Good Morning Elementary•Middle School
The school day once began with Morning Meeting, a tradition that goes back decades. Eleven months into the pandemic, the prospect of 50 elementary students, 115 middle schoolers, deans, campus heads, teachers, counselors all in the same space is...horrifying? Definitely not advisable from a public-health standpoint. School assemblies everywhere have largely been discontinued, but not at Landmark. As the school day has built back a replica of former years, protocols for Morning Meeting are alive and well once again. Faculty volunteers have taken turns convening a link at 7:40 a.m. each day, as elementary or middle school students join their respective Google Meets. Prior to the meeting beginning, friendly chatting is again happening with social conventions in place including hand gestures, the chat function, mute buttons—modifications of in-person connections. Once the meeting starts, students watch from their homes or from a hybrid classroom on mute except for people who are speaking, and each day’s meeting consists of content, announcements, interviews. In short, very much a remote adaptation of the Morning Meeting.

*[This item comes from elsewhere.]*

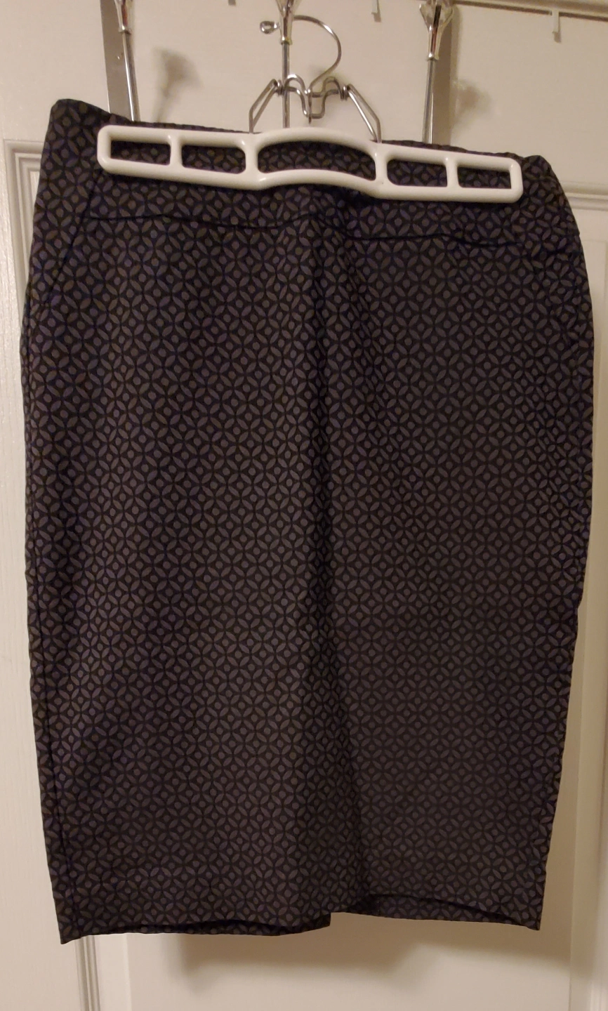Dark grey pencil skirt. Geometric pattern. Stretchy material. Length falls above knee.

Masks and social distancing are par for the course on Landmark's campuses— even outdoors.
Still Landmark
The altered landscape in other ways is stark. At any given time, so much of the school business has been moved to the cloud. Gone are the jostling crowds in narrow two-way corridors, diners jockeying for position around salad bars, crowded faculty workspaces, and in-person training sessions. Milkbreak and lunch remain, with the multicolored social distancing dots and the plexiglass shields to remind us all of what cannot be seen. Mentoring and supervisory observations are done virtually in many cases due to space constraints. Classroom teachers have adapted beautifully to smaller classes and are making the adjusted environment—with one-way traffic, face masks, social distancing, and cleaning protocols—work. But tutoring, paradoxically, is done remotely because the need for close 1:1 instruction with a focus on faces, mouths, and eyes cannot be done in a mask, and perhaps also because the reflexive need to share and explain in close proximity is too tempting. Until the pandemic ends, the days of a student and tutor sitting side-by-side in a tutorial station have given way to a virtual reality.